The New Student's Reference Work/Montessori System
Montessori System. A system of education originated by Dr. Maria Montessori, of Rome; “the only example,” says Professor Holmes, of Harvard, “of an educational system worked out and inaugurated by the feminine mind.”
Within five years after a few Montessori schools were established in Rome—under quite unfavorable conditions—they were being talked about in every school system on the globe, and Dr. Montessori took rank with Froebel as the author of a profound and practical contribution to the greatest of the sciences.
By use of this system feeble minded children passed the public school examinations in Rome with higher credits than normal children outside the Montessori schools. Under the Montessori system normal children learn to read and write—for example—in six weeks, and—a matter of far wider importance—this progress is accompanied by the rapid yet wholesome development of the faculties and of the powers of resource, initiative, self control and concentration.
Who is Dr. Montessori? To what extent is her system adapted or adaptable to the needs and conditions of English speaking countries?
This article is intended to answer these questions, and to give details with regard to the Montessori apparatus that will enable mothers and teachers to employ the system to the best advantage.
WHAT EDUCATORS SAY ABOUT THE METHOD
In an extremely valuable analysis of the Montessori method, in his introduction to Dr. Montessori's work “The Montessori Method” (listed below in the bibliography of the subject), Professor Henry W. Holmes of Harvard says of the method, that “it leads to rapid, easy and substantial mastery of the elements of reading, writing and arithmetic.” He thinks it highly probable, however, that the system ultimately adopted in the American schools will combine elements of the Montessori and Kindergarten methods, and advises that several combinations be tried out. He points out that while the Kindergarten does not teach children to read and write, it does teach them to deal with number, and thinks it may be fairly questioned whether it does not do more fundamental work in this field than the Montessori system.
On the subject of teaching writing he says:
“There has been a fairly general conviction that writing is not especially important before the age of 8 or 9. In view of Dr. Montessori's teaching children of 4 or 5 to write with ease and skill, must we not revise our estimate of the value of writing and our procedure in teaching it?”
But, in his opinion, writing and reading for young children should not be unduly emphasized. He says:
“Let us remember, as Dr. Montessori does, that reading and writing should form but a subordinate part of the experience of the child, and should minister in general to his other needs. With the best of methods, the value of reading and writing before six, is questionable.”
“Of the technical advantages of the Montessori scheme for writing, there can be little doubt. . . . . The exercises have the very important characteristic of involving a thorough sensory analysis of the material to be mastered.
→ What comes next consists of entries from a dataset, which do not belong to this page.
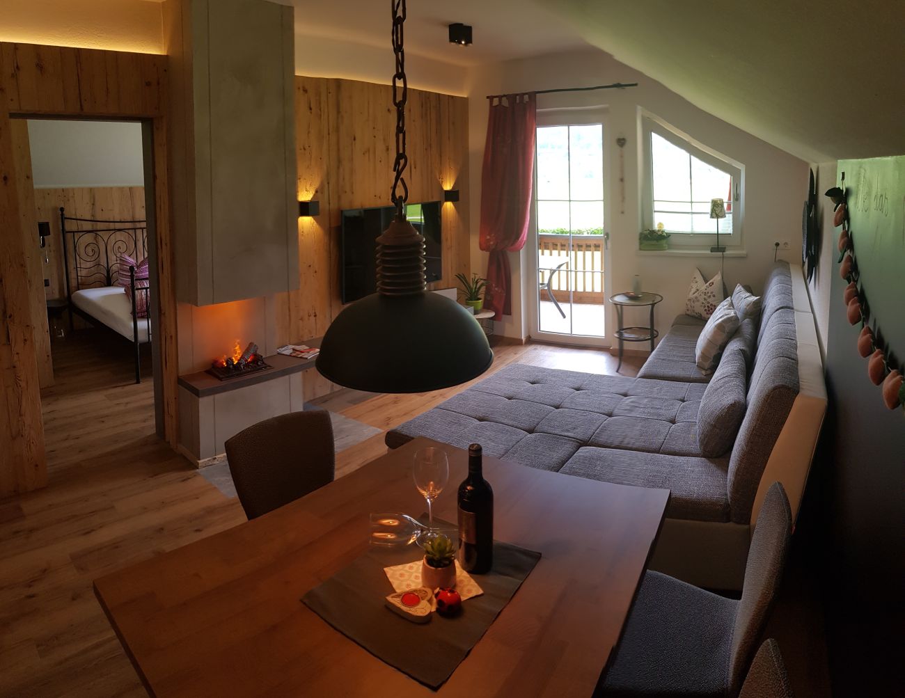 Das Appartement befindet sich im Dachgeschoss und hat eine Grundfläche von 75m² und ist für maximal 5 Personen. Zum Appartement gehört ebenfalls eine Infrarot Saunakabine.
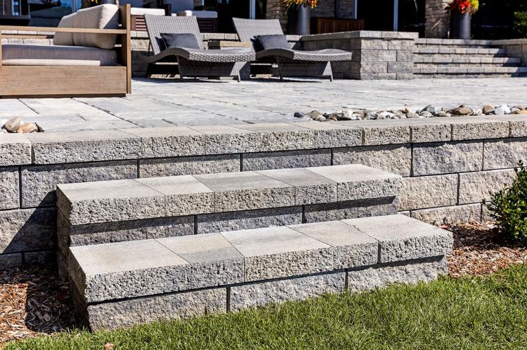 Architectural Cap is a double sided cap that has a split face texture. It is used for seat walls & steps with either a straight or curved layout.
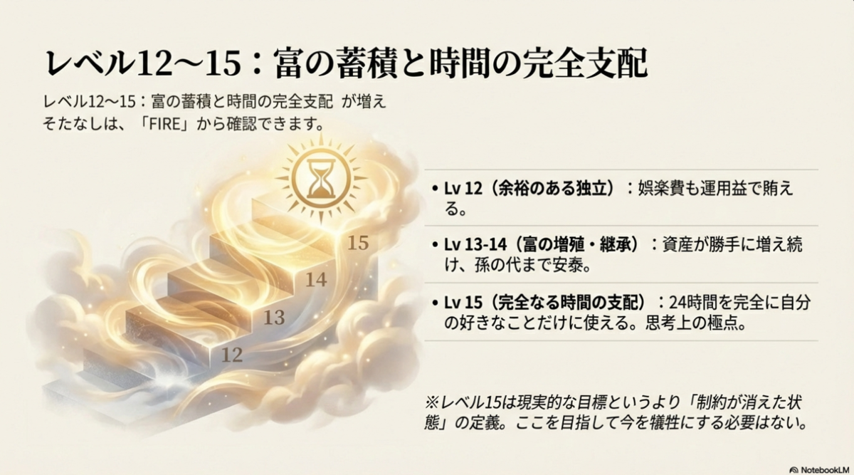 なお、レベル15は現実的な到達目標というよりも、「制約が限りなく小さくなった状態」を示す思考上の極点として捉えるのが適切でしょう。
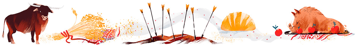 Часть принесенного в жертву животного съедали сами люди – таким образом они делились своей пищей с богами. Но это не значит, что люди считали себя равными богам и садились с ними за один воображаемый стол, как мы садимся с семьей по праздникам. В совместной трапезе человек видел надежный способ установить связь с потусторонними силами. Отголосок этого обычая дожил и до наших дней. Банкет или фуршет – непременная часть любого важного события, на котором собираются единомышленники, будь то дипломатическая встреча, научная конференция, премьера спектакля или открытие выставки.
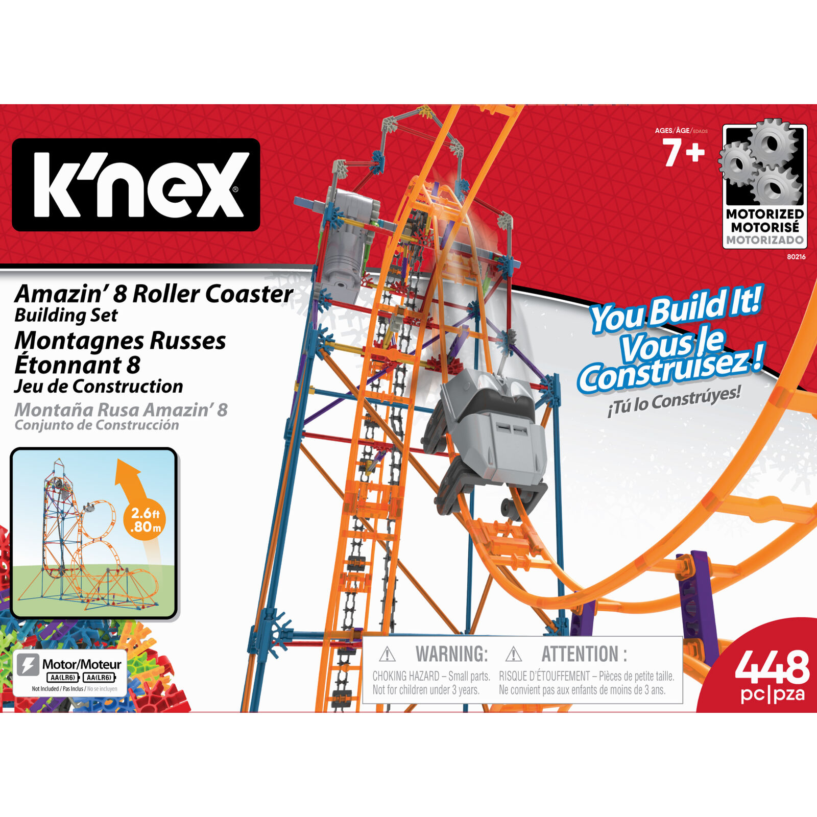 Create your own gravity-defying coaster rides with the knex Amazin 8 Roller Coaster 448 Pieces!
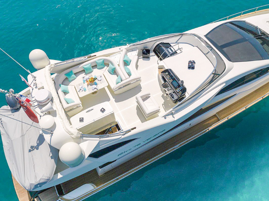 Above the main deck, the flybridge offers a further alfresco dining, additional seating and collapsible Bimini cover.
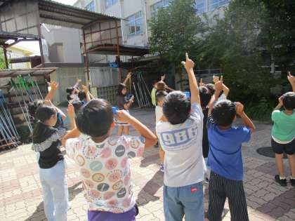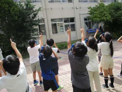 理科「かげと太陽」の学習で、影がどんなところにできるのかを考えました。影と反対側に太陽があると予想したので、実際に遮光板を使って太陽を観察しました。
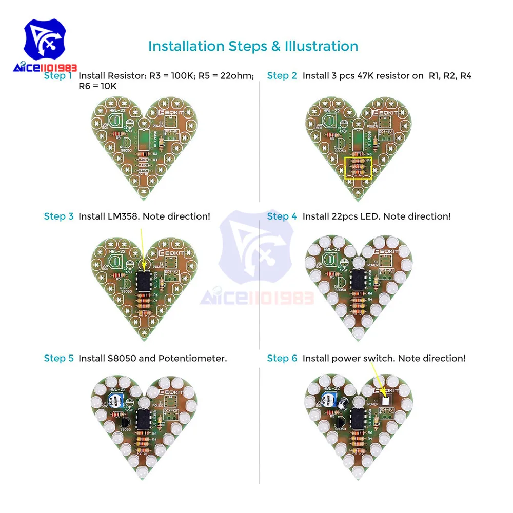 diymore Heart Shape LED Flashing Light DIY Kit with PCB DC 4-6V 4 Color Available for Soldering Kit Practice Learning Kit
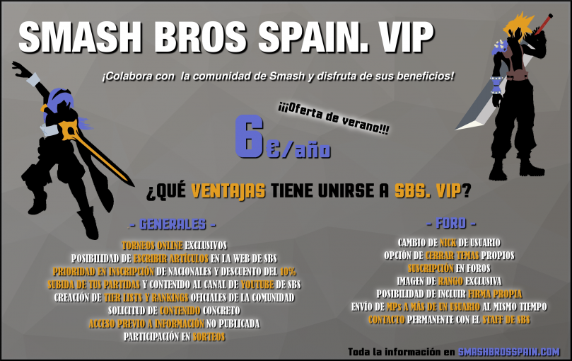 Con la llegada del verano hemos decidido aportar un grado de frescura de manera completa a la experiencia de Usuarios Premium de la que Smash Bros Spain disponía en el pasado, por lo que ahora Smash Bros Spain tiene el placer de presentaros: SBSVip que llega con muchas más novedades para mejorar la calidad y la experiencia de los usuarios tanto en el foro como fuera de él, y sobre todo también abierta a las mejoras que se le ocurran a los mismos. Nuestro objetivo es crear un lugar especial para que todos los usuarios comprometidos con la comunidad lo disfruten, nuestro trabajo está centrado en mejorar su experiencia en Smash Bros Spain.
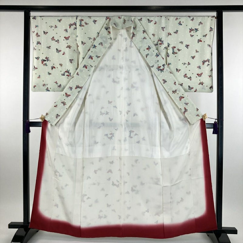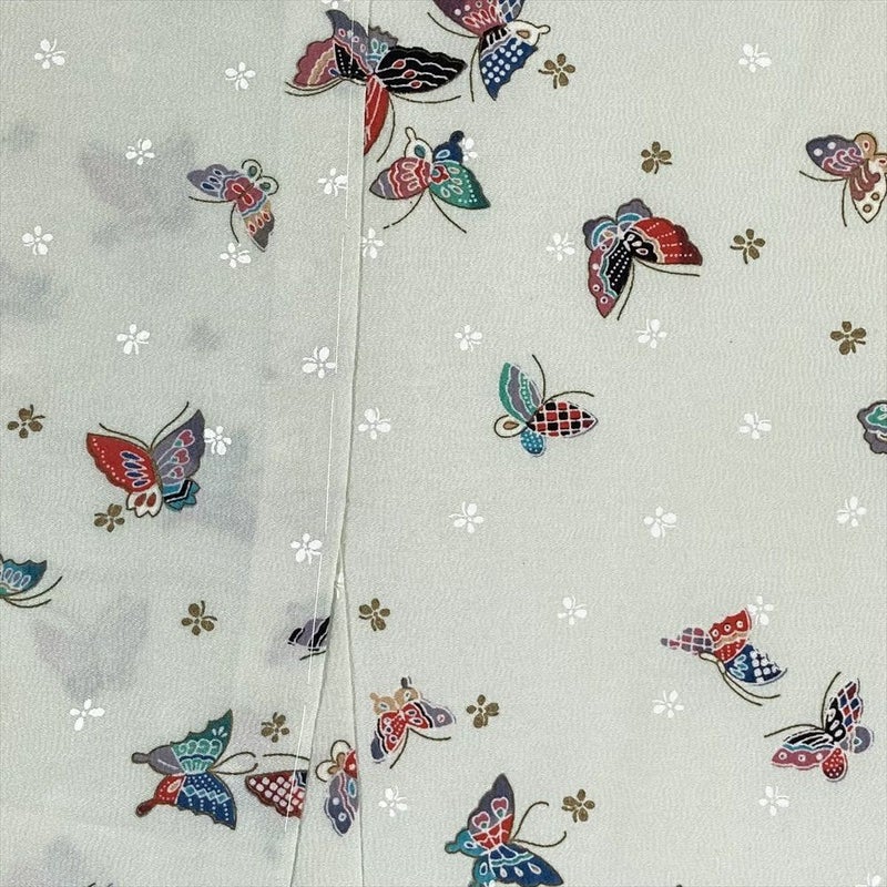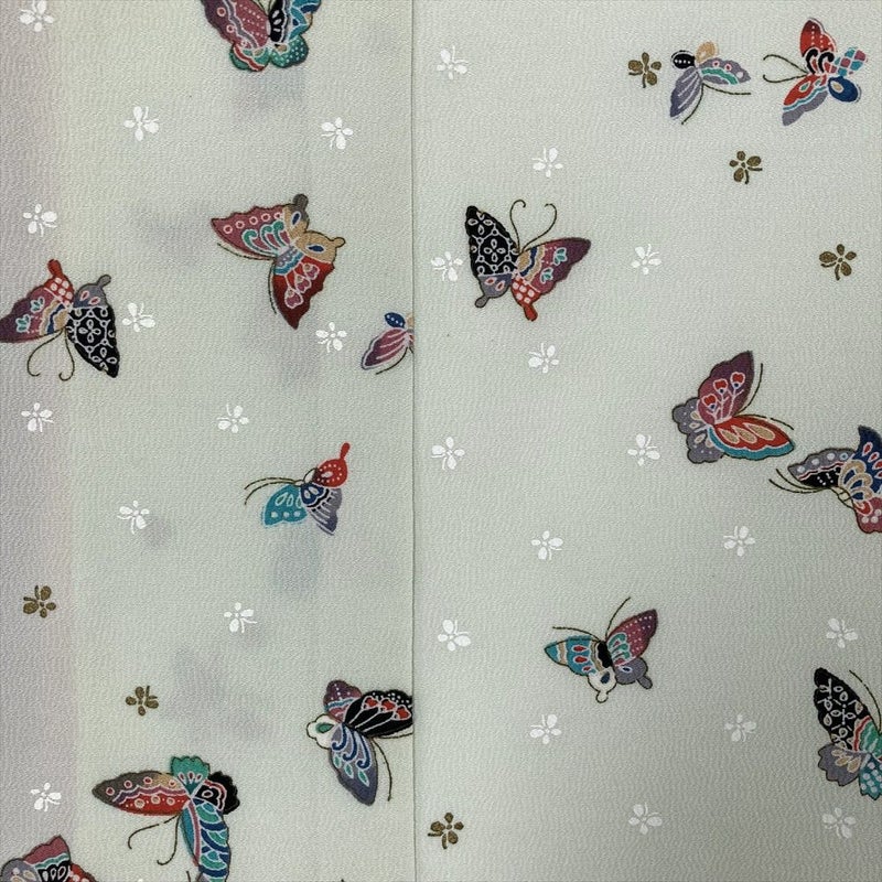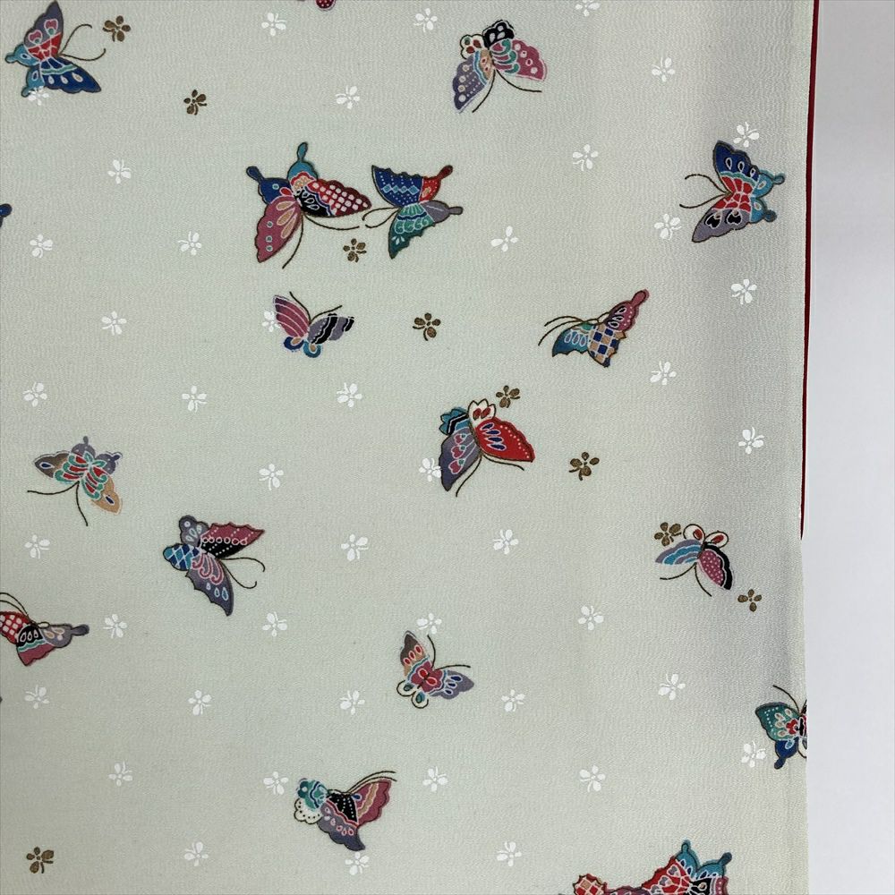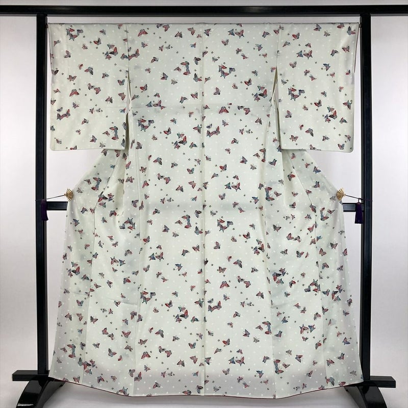 (中古) 小紋 白緑色 カジュアル 金彩 蝶 袷 M【身丈】160cm【裄丈】67.5cm

Mauman has taught us the great value in all memory work, of complete impression through prolonged and intensive analytical study.”
But we must not expect as rapid advancement in writing and reading English as Dr. Montessori has achieved in teaching Italian:
“In Italian, the letters once learned, it is a simple matter to combine them into words, Italian spelling is so phonetic, but it is the unphonetic character of English spelling which has largely influenced us to give up the alphabet method of teaching children to read. We have found it more effective to teach whole sentences or rhymes by sight and then analyze the words thus acquired into their phonetic elements. The mastery of the alphabet by the Montessori Method will be of great assistance in teaching children to write, but of only incidental assistance in teaching them to read and spell.”
“The child passes step by step from solid objects to a mere drawing representing the figure.”
BOOKS ON MONTESSORI WORK
The Montessori Method, by Dr. Maria Montessori, is a valuable text for constant study. Pedagogical Anthropology, by Dr. Montessori, is highly technical and is for educators, teachers and other students of education. The Montessori Mother, by Dorothy Canfield Fisher, is a popular exposition of the method with good description of a Children's House in Rome. The Montessori Manual, by the same author, is a book written to help mothers to use the Montessori apparatus in their own homes. One of the ablest, most practical and most readable books, both for mothers and teachers is The Montessori Principles and Practice by E. P. Culverwell, Dublin Professor of Education, University of Dublin. See also McClure's Magazine, May, 1911; Dec., 1911; Jan., 1912; June, 1912. South Dakota Educator, April, 1912; Kindergarten Primary Magazine, June, 1912; American Primary Teacher, April and June, 1912; Northwest Journal of Education, April, 1912; Elementary School Teacher, Feb., 1912; Primary Education, June, 1912; Journal of Education, April 11, and July 4, 1912.